California’s sweeping consumer privacy and data security law, the California Consumer Privacy Act, is set to take effect in 2020 despite concerns that big problems with the new law remain unresolved.
The primary legislative backers of the CCPA recognized there were flaws when they negotiated and successfully lobbied for its fast-track, high-pressure enactment last year, committing to come back in 2019 to address the problems. A principal author of the CCPA, Assembly Member Ed Chau (D-Monterey Park), spoke to the issue in Roll Call, noting that “we’re cleaning up the law” because it “may not be perfect.”
California legislators have already given preliminary consideration to more than a score of bills from both business and privacy advocates intended to amend the CCPA to address the problems they perceive with the law before it takes effect next year. Many of these bills passed their house of origin last week and are now awaiting hearings in the second house. Yet most of the discussion heading into this week focuses on the failure of SB 561 (Jackson), because its failure may jeopardize the remaining CCPA reform bills.
Powerful State Senator Hannah-Beth Jackson (D-Santa Barbara) raised the prospect of blocking proposed legislative changes to the CCPA in response to the failure of SB 561. SB 561 would have expanded the CCPA’s private right of action and eliminated the ability of businesses to cure violations of the law. The bill would also have eliminated the provision in the CCPA requiring the attorney general to issue compliance opinions.

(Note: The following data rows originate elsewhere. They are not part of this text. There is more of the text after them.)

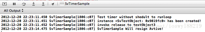观察运行结果,我们发现这个timer知道执行退出也没有触发我们指定的方法,如果我们把上面测试程序中“//[[NSRunLoop currentRunLoop] runUntilDate:[NSDate dateWithTimeIntervalSinceNow:3]];”这一行的注释去掉,则timer将会正确的掉用我们指定的方法。
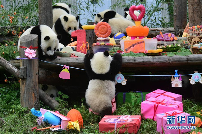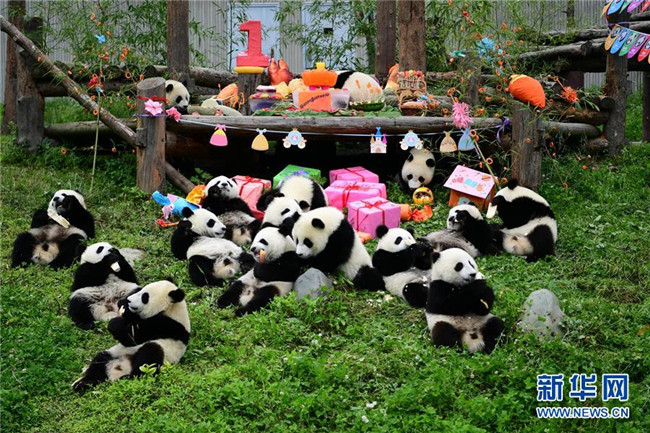 當(dāng)日,在位于四川臥龍的中國(guó)大熊貓保護(hù)研究中心神樹(shù)坪基地的大熊貓幼兒園,2018年出生的18只大熊貓幼仔過(guò)了一場(chǎng)別開(kāi)生面的集體生日。
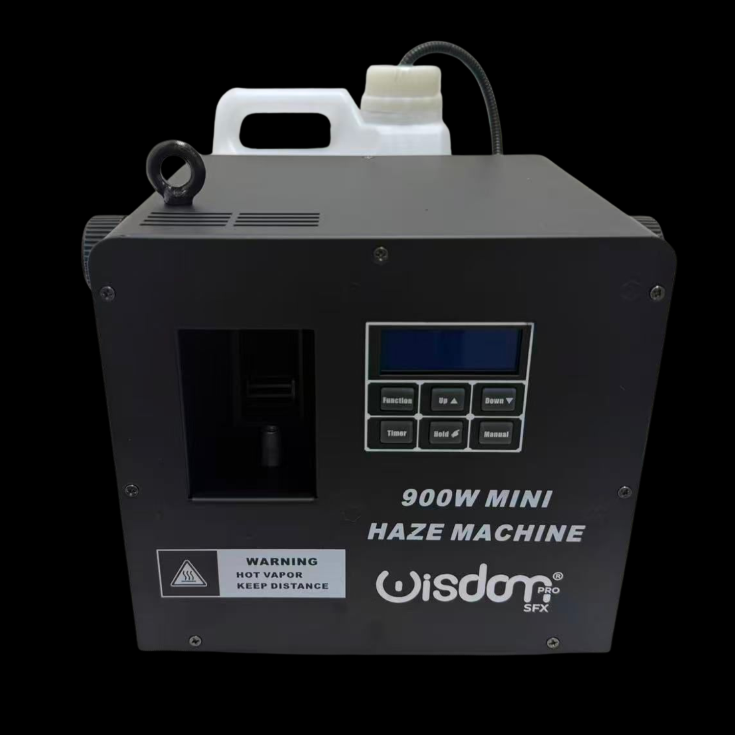 Macchina hazer 900W professionale con controllo DMX, display LCD e telecomando. Generatore di nebbia ideale per eventi live, DJ set, teatro e impianti luci professionali. Effetto atmosferico uniforme e prestazioni affidabili.
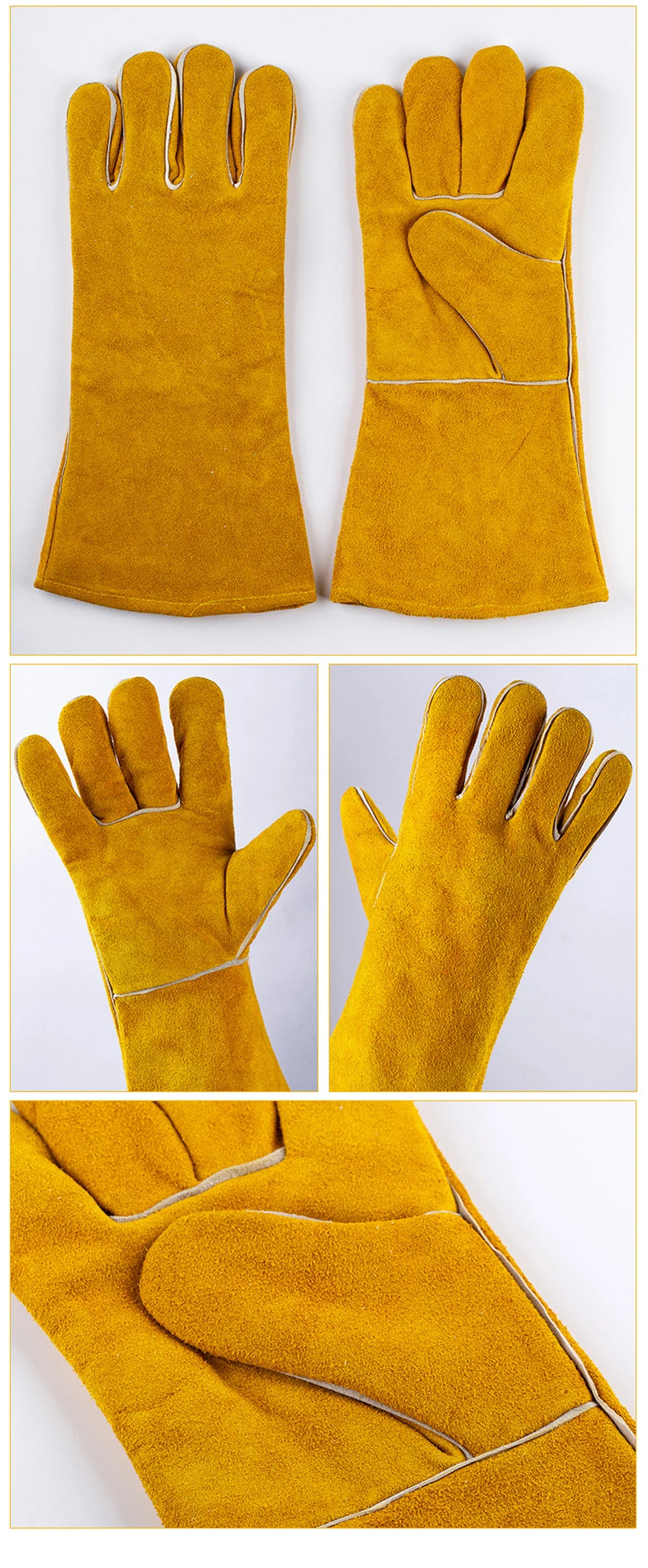1 пара, кожаные рабочие перчатки 35 см, термостойкие сварочные перчатки, защитные перчатки для сварщика, барбекю, печи, кемпинга
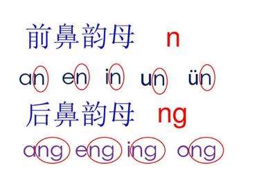 普通话中有前鼻韵母和后鼻韵母之分,以-n为韵尾组成的韵母就叫前鼻韵母,以-ng为韵尾组成的韵母叫后鼻韵母。
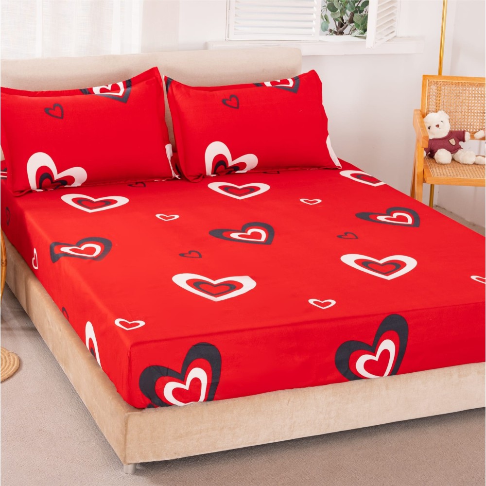 Cearsaf cu elastic, Bumbac Satinat, 160/180x200cm, 2 fete de perne 50x70cm, Rosu, inimioare, Alti producatori, cod produs: HSP75
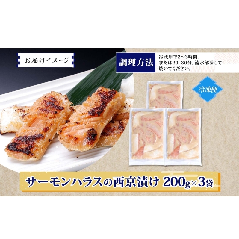 アトランティックサーモン ハラス 西京漬け 合計600g【小分け 200g×3P おかず お弁当 おつまみ 簡単調理 北国からの贈り物】 005A709
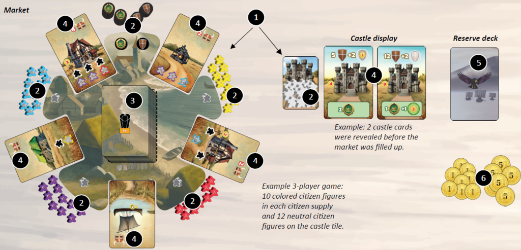 1) ゲームボードをテーブルの中央に置き、その隣に城タイルを置きます。

These carefully negotiated provisions are intended to strike a balance between the interests of consumers and businesses in how the CCPA will be enforced. The private right of action ensures that consumers can directly enforce their rights under the CCPA against a business in the event of a data breach, but the cure provision ensures businesses receive notice of and a 30-day period to cure alleged violations. Better balance was also a consideration in the provision permitting the attorney general to issue CCPA compliance opinions at the request of businesses or individuals. Business interests argue this guidance is essential to ensure their efforts to comply with the CCPA align with the attorney general’s interpretation of the law.
Senator Jackson spoke to this balance in explaining her view to The New York Times: that the CCPA should not be amended at all if her proposed changes in SB 561 will not also be made. “If my bill to try to make [the CCPA] enforceable failed because we have to stick to the deal that was made last year, [other legislative] efforts to undermine it, to give exclusions and exemptions—all sorts of excuses for not enforcing it—then those have to fail as well.”
As chair of the Senate Judiciary Committee, Senator Jackson is positioned to carry out her threat if she chooses to. Most of the proposed amendments to the CCPA sought by business interests are included in bills that originated in the Assembly. As these bills come to the Senate, they will be referred to the Judiciary Committee for a hearing and vote. As chair of the committee, Senator Jackson can block further action on the bills referred to her committee.
Senator Jackson’s tactic is not a surprise. It is common for committee chairs to protect the interests of their house, their caucus and even their personal policy views by holding up other legislation until their legislative priorities are addressed. The only unknowns are whether Senator Jackson will act on her threat and, if so, what policy or other concessions she may require before she releases CCPA reform bills for full Senate consideration.